Assignment>
Pictures should be excluded; otherwise, copy every entry exactly.

(Excerpts from a dataset)
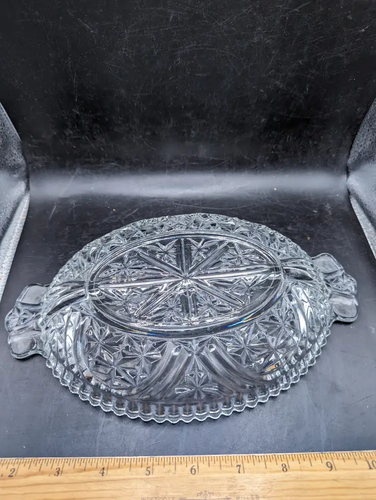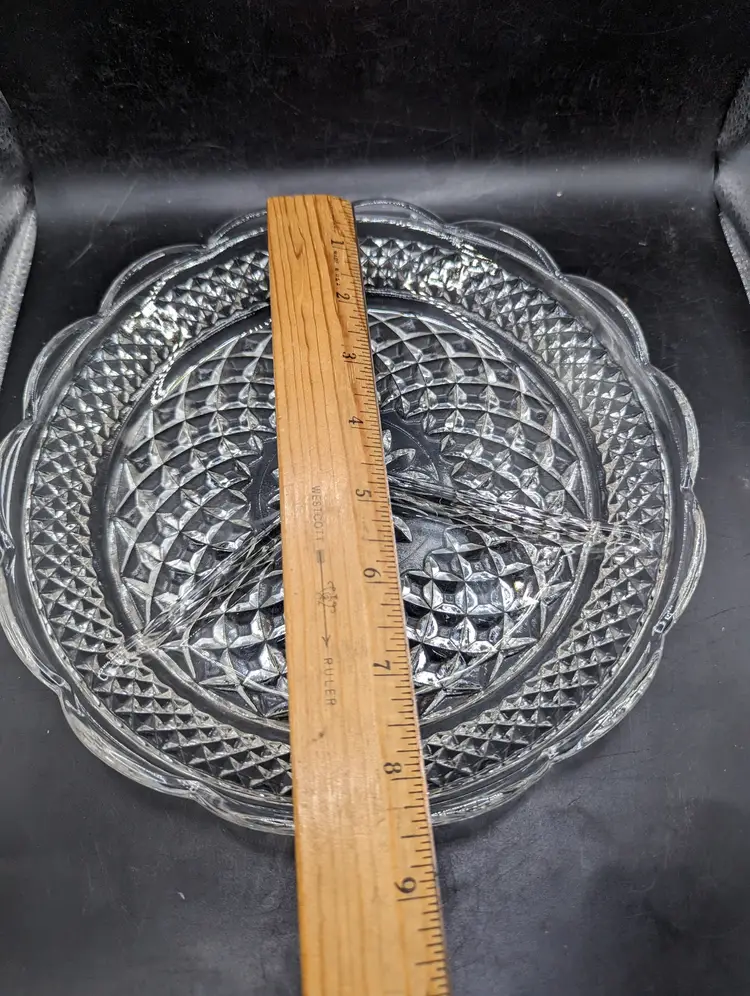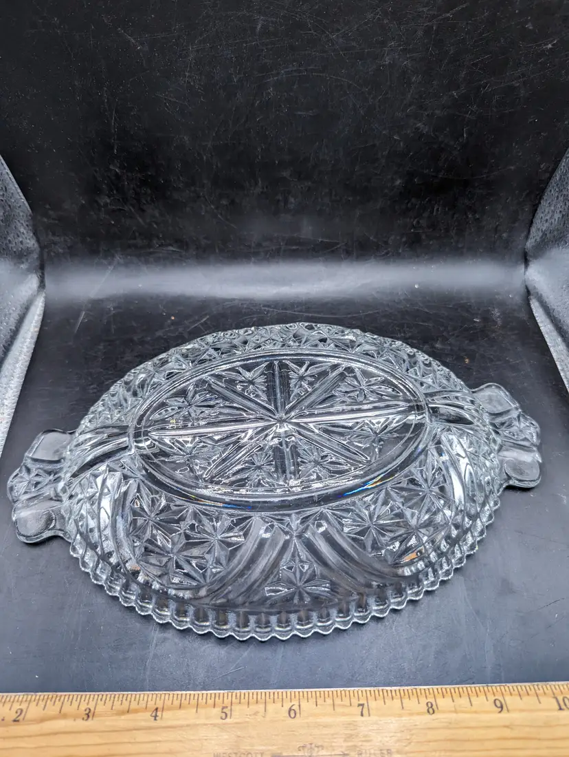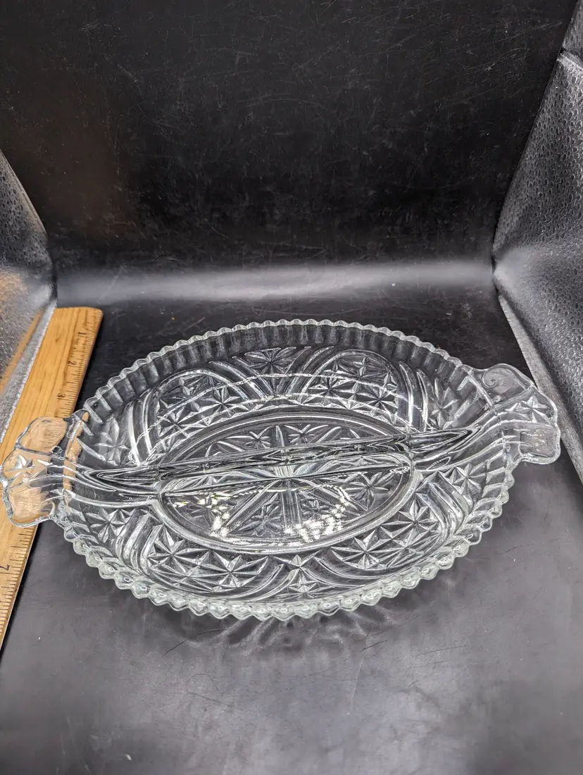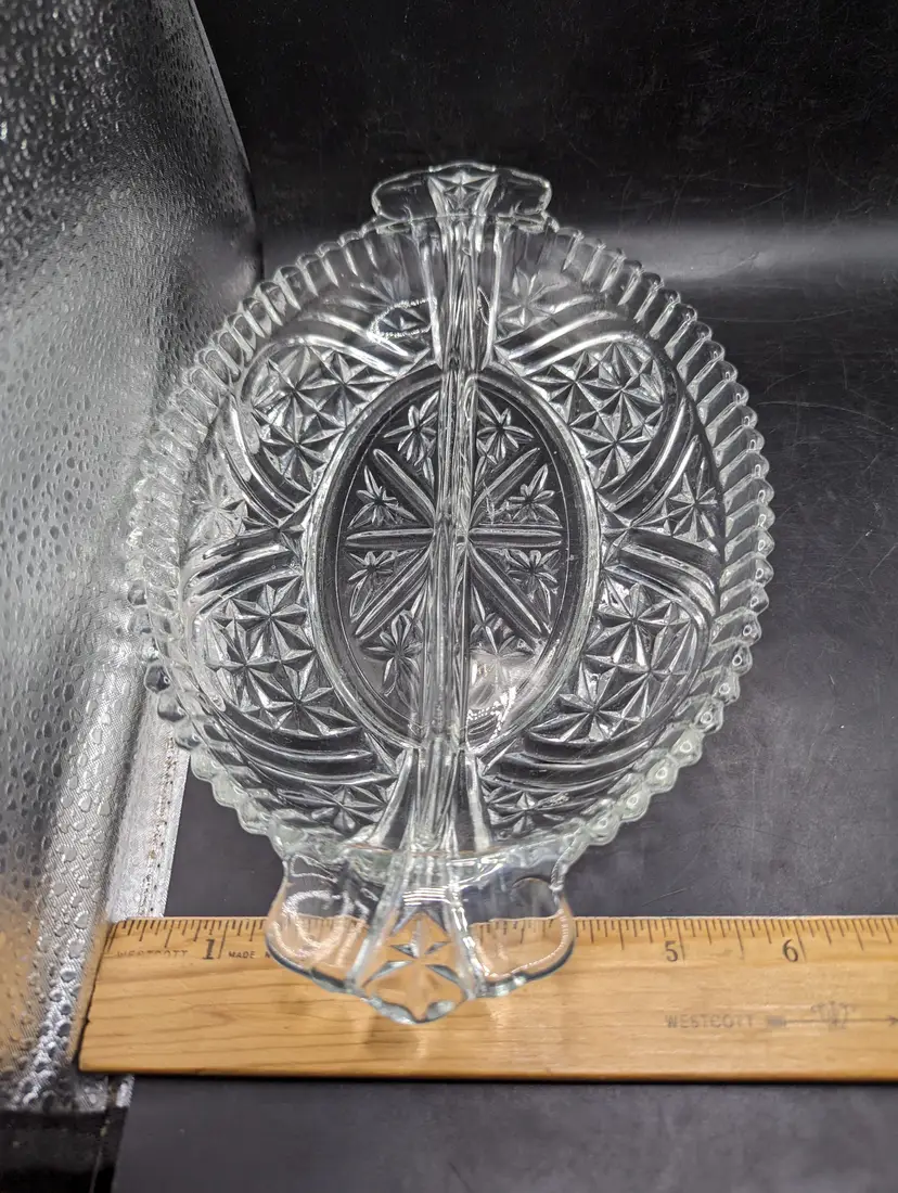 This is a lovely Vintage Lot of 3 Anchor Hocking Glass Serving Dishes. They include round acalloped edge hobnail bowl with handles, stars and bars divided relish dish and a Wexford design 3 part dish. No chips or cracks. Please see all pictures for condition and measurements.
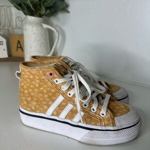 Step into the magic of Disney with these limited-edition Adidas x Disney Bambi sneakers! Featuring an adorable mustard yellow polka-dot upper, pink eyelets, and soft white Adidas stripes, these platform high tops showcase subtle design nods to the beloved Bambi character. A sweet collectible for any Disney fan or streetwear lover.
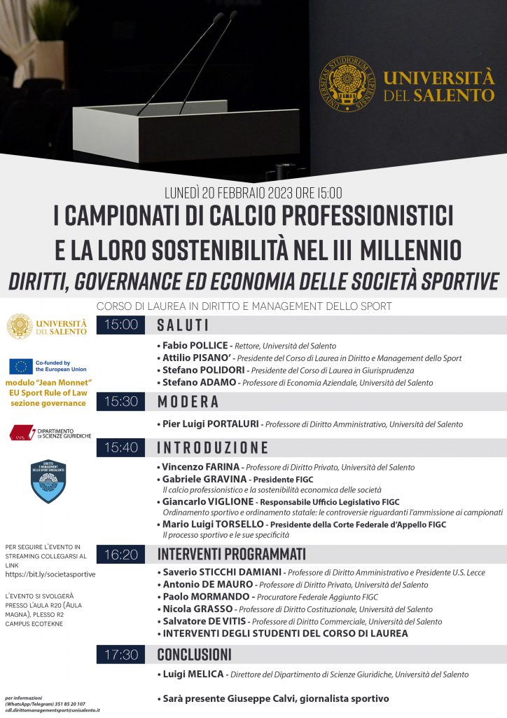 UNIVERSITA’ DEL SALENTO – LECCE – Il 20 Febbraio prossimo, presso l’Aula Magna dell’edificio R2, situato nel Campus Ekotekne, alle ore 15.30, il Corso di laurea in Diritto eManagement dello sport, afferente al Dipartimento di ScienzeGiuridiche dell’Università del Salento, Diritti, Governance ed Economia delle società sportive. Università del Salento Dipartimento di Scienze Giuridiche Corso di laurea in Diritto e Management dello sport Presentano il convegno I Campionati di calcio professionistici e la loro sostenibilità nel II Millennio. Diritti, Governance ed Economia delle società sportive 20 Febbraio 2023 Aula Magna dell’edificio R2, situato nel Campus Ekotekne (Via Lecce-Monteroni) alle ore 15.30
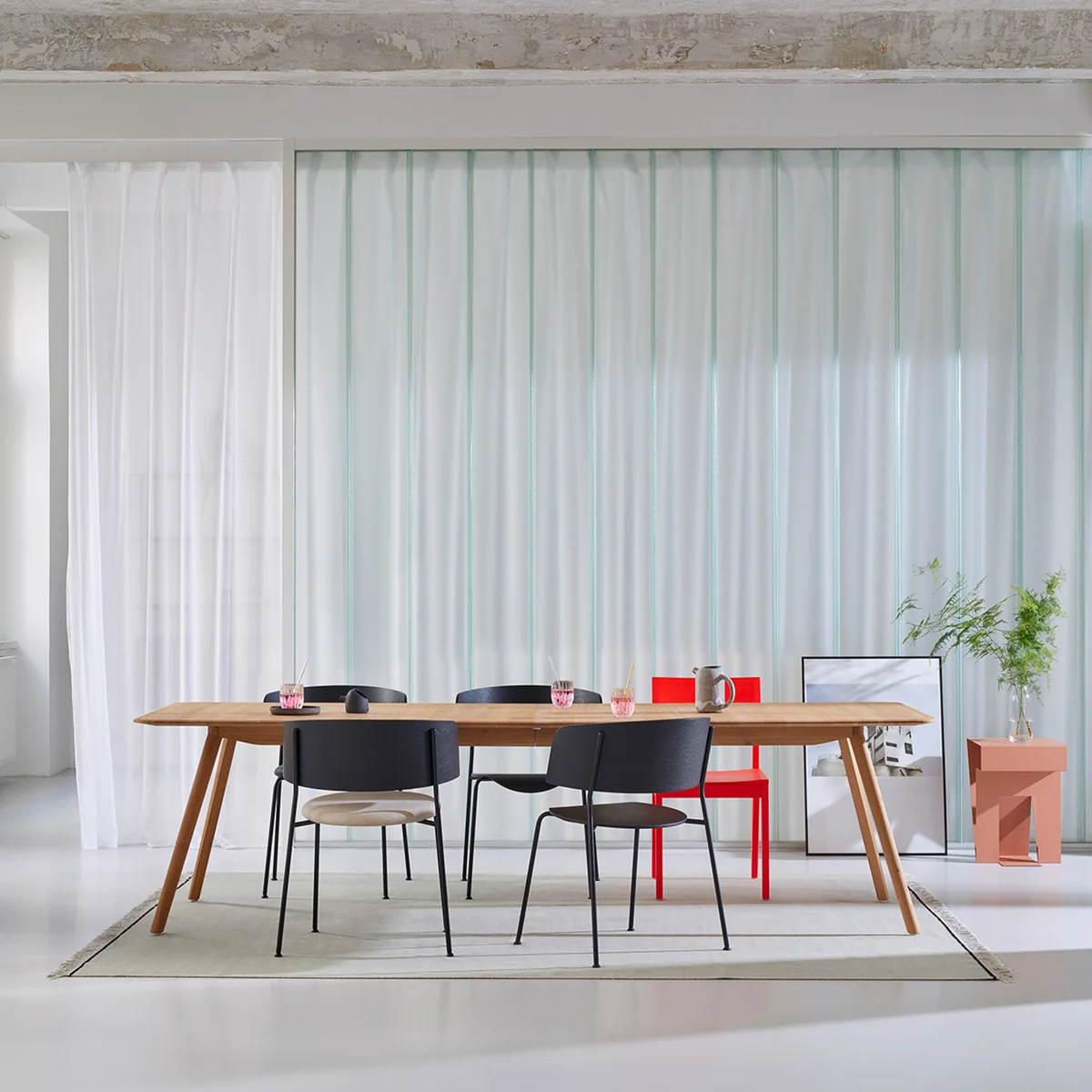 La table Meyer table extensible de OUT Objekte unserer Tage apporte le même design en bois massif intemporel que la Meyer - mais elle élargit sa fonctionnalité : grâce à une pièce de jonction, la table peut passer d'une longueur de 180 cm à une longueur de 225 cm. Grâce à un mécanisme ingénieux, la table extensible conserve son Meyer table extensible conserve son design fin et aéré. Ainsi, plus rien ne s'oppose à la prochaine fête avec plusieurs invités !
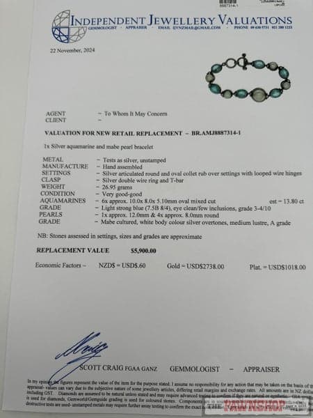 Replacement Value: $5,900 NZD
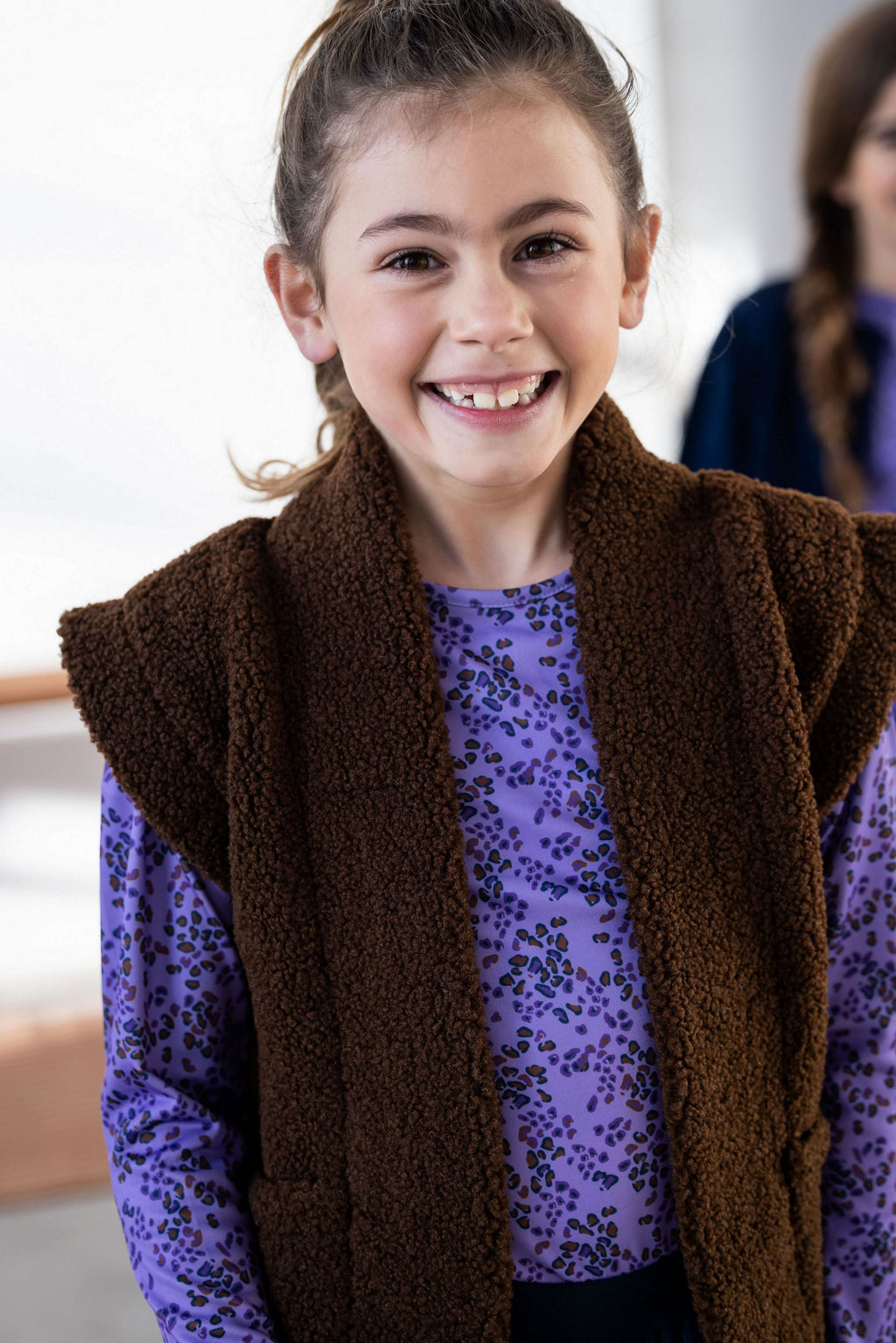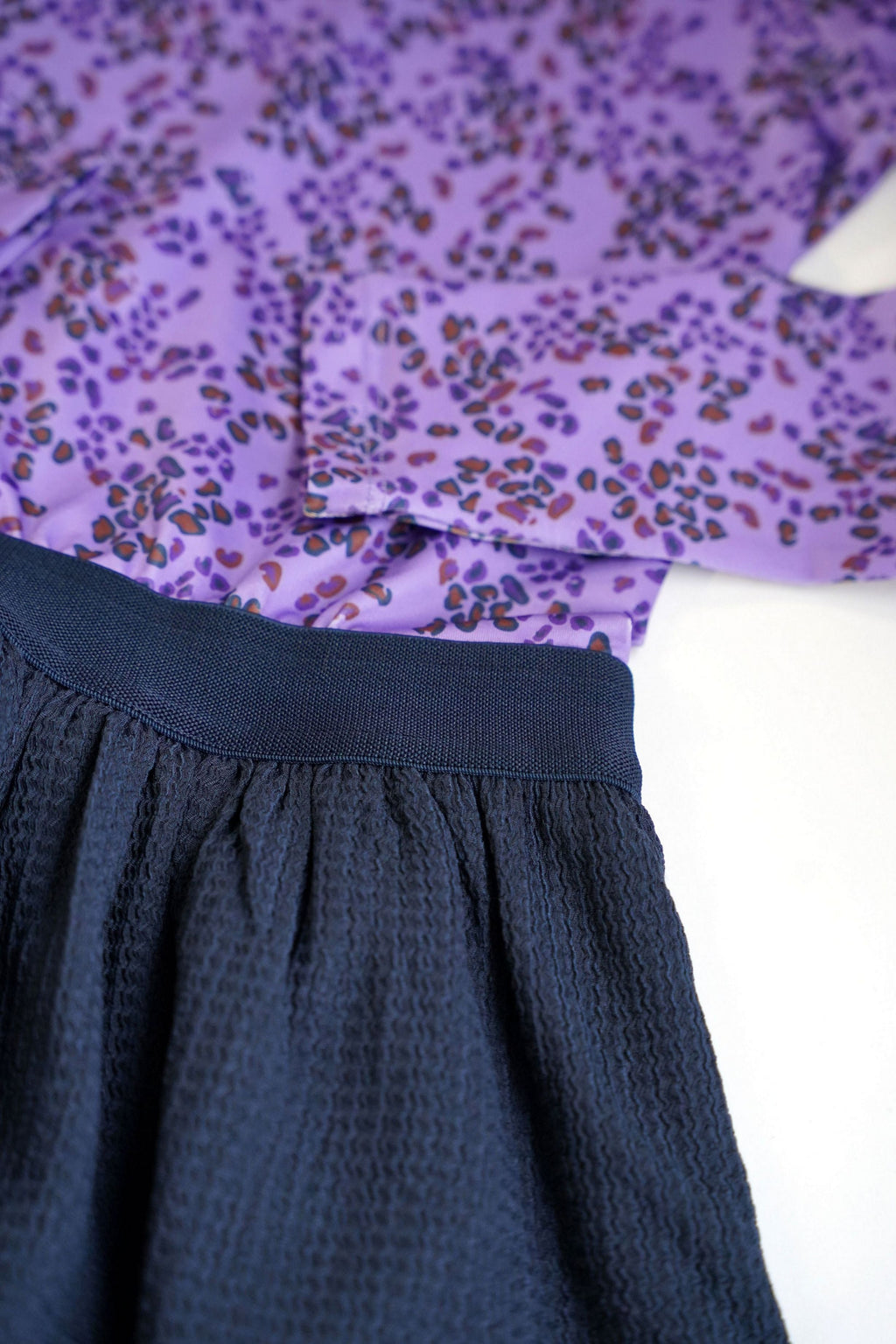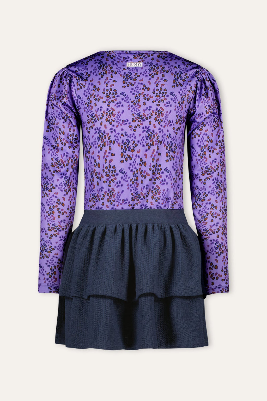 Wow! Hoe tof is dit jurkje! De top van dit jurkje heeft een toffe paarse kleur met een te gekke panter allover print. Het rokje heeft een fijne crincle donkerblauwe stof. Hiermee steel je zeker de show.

Task result>
 This is a lovely Vintage Lot of 3 Anchor Hocking Glass Serving Dishes. They include round acalloped edge hobnail bowl with handles, stars and bars divided relish dish and a Wexford design 3 part dish. No chips or cracks. Please see all pictures for condition and measurements.
 Step into the magic of Disney with these limited-edition Adidas x Disney Bambi sneakers! Featuring an adorable mustard yellow polka-dot upper, pink eyelets, and soft white Adidas stripes, these platform high tops showcase subtle design nods to the beloved Bambi character. A sweet collectible for any Disney fan or streetwear lover.
 UNIVERSITA’ DEL SALENTO – LECCE – Il 20 Febbraio prossimo, presso l’Aula Magna dell’edificio R2, situato nel Campus Ekotekne, alle ore 15.30, il Corso di laurea in Diritto eManagement dello sport, afferente al Dipartimento di ScienzeGiuridiche dell’Università del Salento, Diritti, Governance ed Economia delle società sportive. Università del Salento Dipartimento di Scienze Giuridiche Corso di laurea in Diritto e Management dello sport Presentano il convegno I Campionati di calcio professionistici e la loro sostenibilità nel II Millennio. Diritti, Governance ed Economia delle società sportive 20 Febbraio 2023 Aula Magna dell’edificio R2, situato nel Campus Ekotekne (Via Lecce-Monteroni) alle ore 15.30
 La table Meyer table extensible de OUT Objekte unserer Tage apporte le même design en bois massif intemporel que la Meyer - mais elle élargit sa fonctionnalité : grâce à une pièce de jonction, la table peut passer d'une longueur de 180 cm à une longueur de 225 cm. Grâce à un mécanisme ingénieux, la table extensible conserve son Meyer table extensible conserve son design fin et aéré. Ainsi, plus rien ne s'oppose à la prochaine fête avec plusieurs invités !
 Replacement Value: $5,900 NZD
 Wow! Hoe tof is dit jurkje! De top van dit jurkje heeft een toffe paarse kleur met een te gekke panter allover print. Het rokje heeft een fijne crincle donkerblauwe stof. Hiermee steel je zeker de show.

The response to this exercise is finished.